I grew up in a house like that. I don't think less of my father for buying it, because I knew from whence he came. Honestly I think the reason my father bought it, was that he grew up poorer than dirt poor (no! poorer than that, poorer than we can even imagine) in rural southern Missouri, "without a pot to pee in" as the saying goes. He was determined to get out of there somehow and managed to do it. When he got his M.D. he moved to St. Louis, and bought that house. I think his motives were that he wanted to show the world that he had made it.

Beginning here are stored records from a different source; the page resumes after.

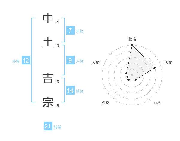 中土 吉宗さんの総格は21画の5点!
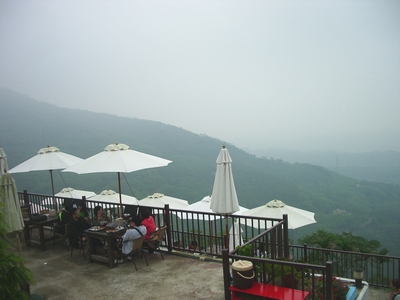 是以「老殘」在活力四射友人的哄弄之下竟動了登頂之凡心,於是風塵僕僕駕著四輪寶馬偕同「老伴」直奔往竹山挺進。雖然上山之路曲曲折折彎彎陡陡、小寶馬之哀號聲傳遍山野,老殘依然充耳不聞面不改色只管猛踩油門,也顧不得一旁的老伴早已面色鐵青兩眼發直...孰料“天不從人願”好不容易到達天梯入口前5公里處,突然大霧迷濛伸手不見五指,老殘心想要真到了天梯走不了被抬下山可更是臉上無光,於是心上大石總算得以放下,順理成章便可打道回府,下山途經【山上閱讀】卻仍有時間稍作歇息,喝喝咖啡吃吃薯球、群山美景盡收眼底,浮生偷得半日閒豈不樂哉?呵~
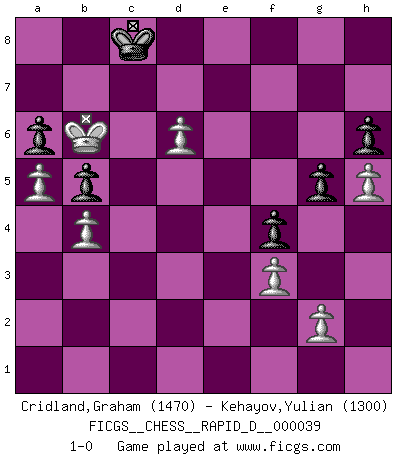 Last move : 1-0 2010 June 2 21:43:46 [Event "FICGS__CHESS__RAPID_D__000039"] [Site "FICGS"] [Date "2010.04.17"] [Round "1"] [White "Cridland,Graham"] [Black "Kehayov,Yulian"] [Result "1-0"] [WhiteElo "1470"] [BlackElo "1300"] 1.e4 e5 2.Nf3 d5 3.Nxe5 Bd6 4.d4 dxe4 5.Nc3 Bxe5 6.dxe5 Qxd1+ 7.Kxd1 Nc6 8.Nxe4 Nxe5 9.Bf4 Bf5 10.Bxe5 f6 11.Bxc7 Bxe4 12.Bd3 Bxd3 13.cxd3 Ne7 14.Re1 Rf8 15.Kd2 Rf7 16.Re2 Rc8 17.Bd6 Rd8 18.Ba3 Rd7 19.Rae1 Kd8 20.Bxe7+ Rfxe7 21.Rxe7 Rxe7 22.Rxe7 Kxe7 23.Kc3 Kd6 24.Kd4 Kc6 25.Kc4 a6 26.d4 b6 27.d5+ Kd6 28.Kd4 Kd7 29.b4 Kd6 30.a4 g6 31.a5 b5 32.h3 h6 33.h4 g5 34.h5 f5 35.f3 f4 36.Ke4 Kd7 37.Ke5 Ke7 38.d6+ Kd7 39.Kd5 Kd8 40.Kc6 Kc8 41.Kb6 1-0 QP counter-gambit (elephant gambit) Player White won this chess game. Follow this game move after move (download)The stomach is an essential part of the Chess master. (Bent Larsen) Drei Punkte vor allen anderen ist wie einer, der im weißen Anzug posiert, während der Rest in Müllsäcke gekleidet dasteht. (Viktor Kortschnoi) En un gambito tu regalas un Peón por el bién de tomar un juego perdido. (Samuel Standige Boden) Le plus grand jeu de l'esprit jamais inventé, plus vous l'apprenez, plus vous y prenez du plaisir. (Garry Kasparov) Games, world of games... There's always an opponent, and there's always a victim. (Revolver, movie)

THEN he found out the down side. Maintenance costs were insanely high. Just paying for a housekeeper to help clean a place like that costs a near fortune. The place was huge (27 rooms plus the whole carriage house too); he let his brother's family live on the third floor for a few years but they wanted their own place, so that didn't last. It was empty the whole time I was growing up. He never did spend the money to fix up the carriage house for a rental as he had once planned. I'd tell you how much it cost him to have the plumbing in the main house replaced with copper plumbing, but you might die of shock. The house was built around 1910. It also had the type of heat where a company dumped truckloads of coal down a chute to the basement, and then my father had go down there and shovel the coal into a furnace, and the rooms upstairs had steam heat radiators. Some of you probably know what type of heat that is. I don't and wouldn't want it.
He had numerous catered parties with literally hundreds of other doctors and their wives, and guess what happened? These wealthy, highly regarded members of the community STOLE things like a beautiful antique hand carved ivory fan from Japan, jewelry, artwork, and other unreplaceable mementos he had acquired during his life and travels. All in all, "the good life" wasn't as good as he had hoped and these were not the people he wanted to be around, after all.
So, when he retired, we moved to Hawaii to a much more normal sized home on the beachfront. He never had parties any more, and took to just enjoying his retired life, walking the beach every morning with Mom. At last he was truly happy. I'd say it took him a while, but he figured out what he really wanted in life and I am glad that he had a few years enjoying his retirement.